For websites to be indexed within the results pages of search engines, search engine web crawlers (often called a “spider” or “spiderbot”), must first explore their pages.
These crawlers provide essential information to search engines so that the engines can supply users with the most useful and accurate results.
In order for crawlers to efficiently investigate a website, however, this means that the site in question must be appropriately structured for navigation — this is where crawl depth comes into play.
What does crawl depth mean?
Put simply, crawl depth refers to the number of clicks, or pathways, that a page is away from the homepage of a website.
The homepage, therefore, has a crawl depth of zero, and when a crawler utilises a link to another page, this will have a crawl depth of one.

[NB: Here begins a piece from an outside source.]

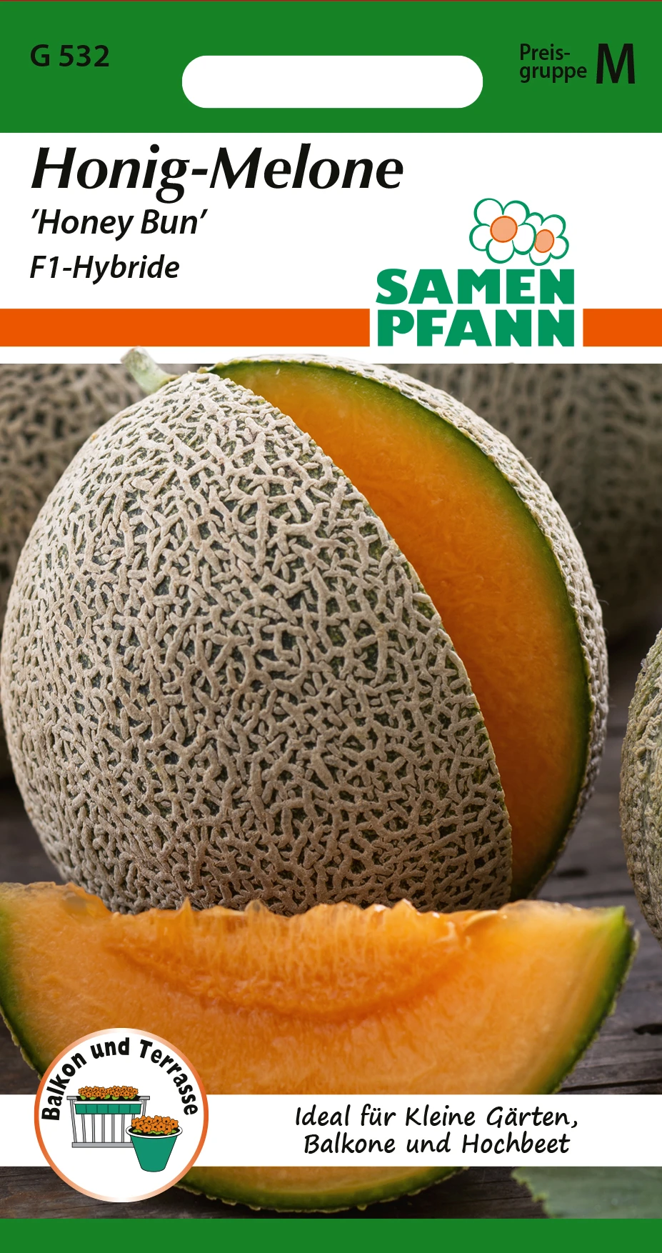 Sehr frühe Mini-Cantaloupemelone mit orangem Fleisch. Süß wie Honig. Produziert 3 bis 4 kleine Melonen pro Pflanze. Kompakte, buschige Sorte mit wenig Platzbedarf, ideal für Topfkultur oder den kleinen Garten. Gewicht 400-600g.

How close your page is to the homepage will depend on what kind of page it is, and how important it is to the website.
Websites with thousands of pages will, of course, have different crawl depths to a website with just a couple of hundred pages.
That said, any strategically important page should not have a crawl depth of five or more, as it would signal to the crawler that it is a page of less importance.
It’s also worth noting that a crawler will only investigate a certain number of layers, as at some point it will decide that it is no longer necessary to crawl any deeper.
When a site publishes new pages, whether as commercial or supporting content, it is essential to get them crawled as soon as possible.
How to avoid crawl depth issues
There are several strategies to implement and habits to avoid so that your site has a workable structure for both crawlers and users.
Ensure that you have at least one XML sitemap
XML sitemaps are used to show Google what URLs exist on a website and get crawled more than any other kind of sitemap (such as a video or image sitemap).
There can be many elements included in an XML sitemap, such as when a particular URL was last updated.
You can learn more about sitemaps and how to build them in this Google Search Console Help guide.
Inspect your pagination
Websites with a lot of content often use pagination so that they can quickly and easily provide content to users.
For instance, if a user visits a clothes site and searches for “medium white t-shirt”, through pagination, they will be provided with items within their specifications.
As a result, however, this can cause issues with crawling, as pagination can create deep pathways when either there are very few items within a page, or there is a long list of items.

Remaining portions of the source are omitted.